- From: Tim Bray <tbray@textuality.com>
- Date: Mon, 02 Dec 2002 17:22:32 -0800
- To: Michael Mealling <michael@neonym.net>
- Cc: "Champion, Mike" <Mike.Champion@SoftwareAG-USA.com>, www-tag@w3.org
Michael Mealling wrote:
> I for one would appreciate it. There are several protocols I've been
> working with that, due to their particular nature, would benefit from an
> efficient serialization that was very specifically _not_ 'just gzip'.
> The model we're working with requires the impact to the server to be
> very low as well since the cost to recover is higher than the cost to
> requery. If gzip is used then that relationship flipflops and the impact
> to the entire system is extremely significant. Thus the reason why we
> keep coming back to WBXML as the solution.
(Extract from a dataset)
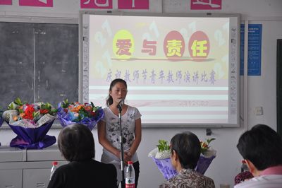 9月9日下午,實(shí)驗(yàn)中學(xué)為了慶祝第27個教師節(jié),舉行了“愛與責(zé)任”青年教師演講比賽。此次比賽學(xué)校邀請到了付繼閩、左永揚(yáng)、楊香芬、宿聰玲等7位德高望重的退休教師做評委。演講中,8位青年教師結(jié)合學(xué)校老師們的先進(jìn)事例和自己教育教學(xué)中的親身經(jīng)歷,激情詮釋了“愛與責(zé)任”的真正內(nèi)涵:愛心至上,勤奮工作,樂于奉獻(xiàn)。他們精彩的演講,引發(fā)了在座老師們的共鳴,大家都深刻感受到了作為教師的光榮與自豪,深刻感受到了教師的責(zé)任感和使命感。經(jīng)過激烈角逐鄧華、張艷萍、陳麗萍老師獲得了演講比賽的一等獎。

This is a tough problem. If the tag density is very high relative to
running text, you can try to binary-encode markup with a dictionary
(what WBXML does IIRC); of course if you wanted to retain XML's virtue
of being self-contained you'd want to include the dictionary in the
message, which would blow off most of the benefit in the case the
messages are short. Another approach would be simply to be rigorously
minimal in choosing tag names, e.g.
<m a="33.34.44.55" from="foo@bar.org"><a u="3" h="ajfoeiw"/></m>
at which point the savings from compression are less significant.
If the markup density is lower, the problem reduces to that of
compressing text, which is fortunately well-understood, the considerable
redundancy in most XML compresses beautifully per all the standard
algorithms, so you can pick any particular cost-effectiveness point from
the menu.
I'd really want to see some hard statistical data about the
characteristics of the message traffic in question before I went out on
a limb as to the best way to deal with the problem. Also it's not clear
that there's a solution with acceptable cost-effectiveness across a
broad spectrum of applications, even if the apps are limited to the
wireless-networking space. -Tim
Received on Monday, 2 December 2002 20:22:31 UTC